__Instructions to follow__:
Below are the records; copy exactly the stretch from the line containing "Under the patronage" through the line containing "Da venerdì 24", both ends included, and nothing else.

__Data records__:
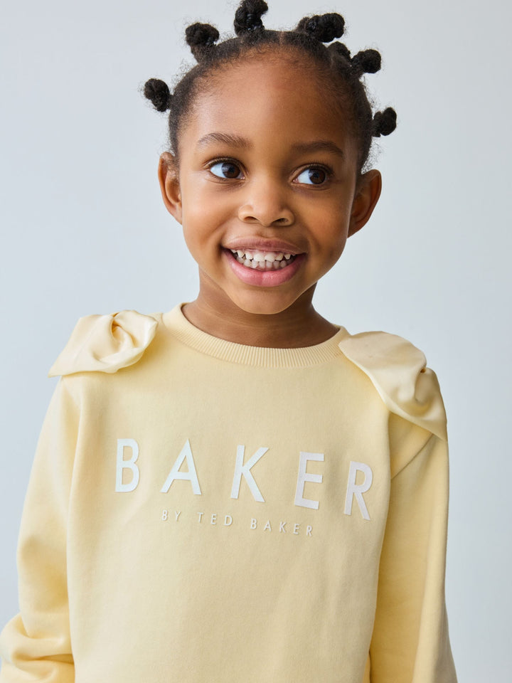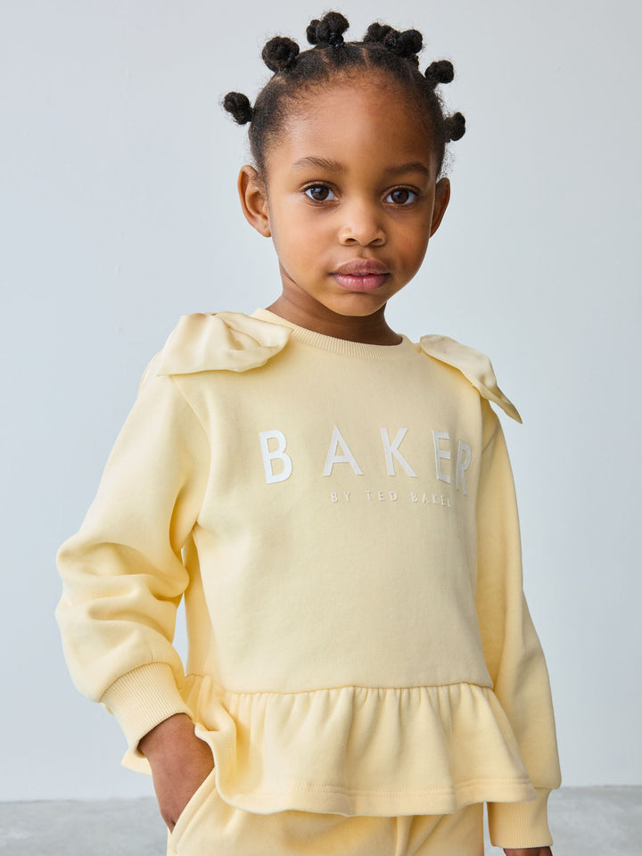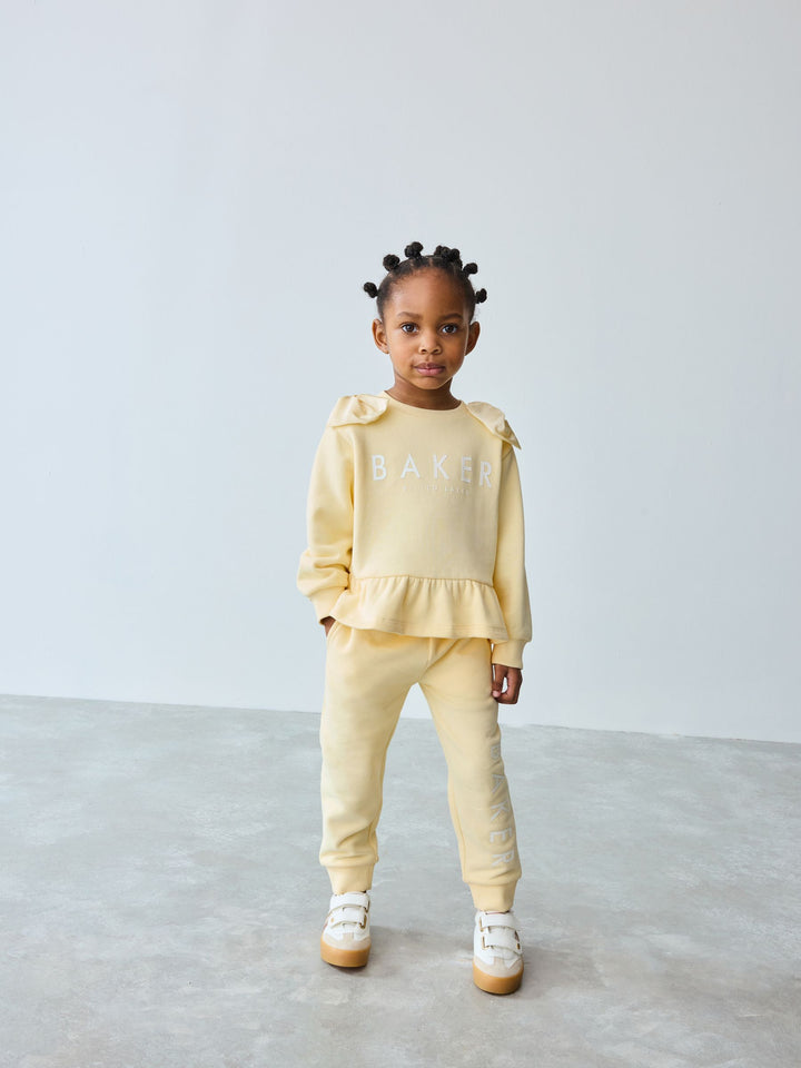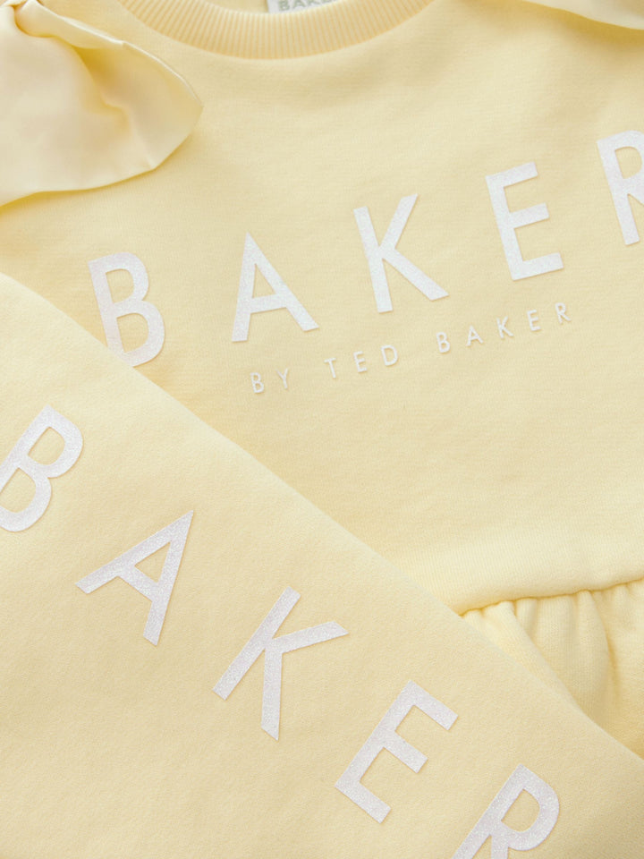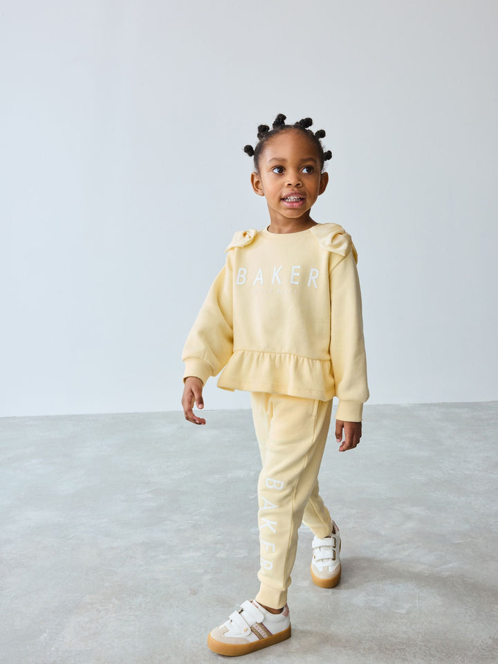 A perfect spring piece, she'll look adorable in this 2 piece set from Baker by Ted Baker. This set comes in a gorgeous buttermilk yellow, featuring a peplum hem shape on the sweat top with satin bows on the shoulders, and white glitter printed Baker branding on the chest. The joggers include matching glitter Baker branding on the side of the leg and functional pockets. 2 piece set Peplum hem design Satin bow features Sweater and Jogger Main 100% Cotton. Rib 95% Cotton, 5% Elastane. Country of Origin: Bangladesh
==
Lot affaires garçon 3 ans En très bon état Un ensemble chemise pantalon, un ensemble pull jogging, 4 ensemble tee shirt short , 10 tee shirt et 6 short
--
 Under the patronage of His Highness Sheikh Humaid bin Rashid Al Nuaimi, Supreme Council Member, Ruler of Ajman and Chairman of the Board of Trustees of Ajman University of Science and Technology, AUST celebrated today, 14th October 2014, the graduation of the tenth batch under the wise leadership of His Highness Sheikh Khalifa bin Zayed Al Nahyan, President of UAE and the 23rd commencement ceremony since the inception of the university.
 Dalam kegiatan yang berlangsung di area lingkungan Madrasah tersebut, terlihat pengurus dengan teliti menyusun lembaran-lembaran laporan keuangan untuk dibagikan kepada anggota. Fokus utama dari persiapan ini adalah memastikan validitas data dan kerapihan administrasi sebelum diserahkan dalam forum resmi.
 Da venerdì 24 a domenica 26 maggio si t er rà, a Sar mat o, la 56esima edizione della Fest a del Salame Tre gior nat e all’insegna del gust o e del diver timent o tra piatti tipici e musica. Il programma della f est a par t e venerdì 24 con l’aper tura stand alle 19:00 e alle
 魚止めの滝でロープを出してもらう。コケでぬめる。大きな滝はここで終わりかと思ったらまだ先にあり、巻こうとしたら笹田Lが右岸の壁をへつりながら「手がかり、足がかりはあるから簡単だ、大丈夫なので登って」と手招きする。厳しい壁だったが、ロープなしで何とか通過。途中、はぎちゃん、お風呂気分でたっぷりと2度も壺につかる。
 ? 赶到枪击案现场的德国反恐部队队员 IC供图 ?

__Expected answer__:
 Under the patronage of His Highness Sheikh Humaid bin Rashid Al Nuaimi, Supreme Council Member, Ruler of Ajman and Chairman of the Board of Trustees of Ajman University of Science and Technology, AUST celebrated today, 14th October 2014, the graduation of the tenth batch under the wise leadership of His Highness Sheikh Khalifa bin Zayed Al Nahyan, President of UAE and the 23rd commencement ceremony since the inception of the university.
 Dalam kegiatan yang berlangsung di area lingkungan Madrasah tersebut, terlihat pengurus dengan teliti menyusun lembaran-lembaran laporan keuangan untuk dibagikan kepada anggota. Fokus utama dari persiapan ini adalah memastikan validitas data dan kerapihan administrasi sebelum diserahkan dalam forum resmi.
 Da venerdì 24 a domenica 26 maggio si t er rà, a Sar mat o, la 56esima edizione della Fest a del Salame Tre gior nat e all’insegna del gust o e del diver timent o tra piatti tipici e musica. Il programma della f est a par t e venerdì 24 con l’aper tura stand alle 19:00 e alle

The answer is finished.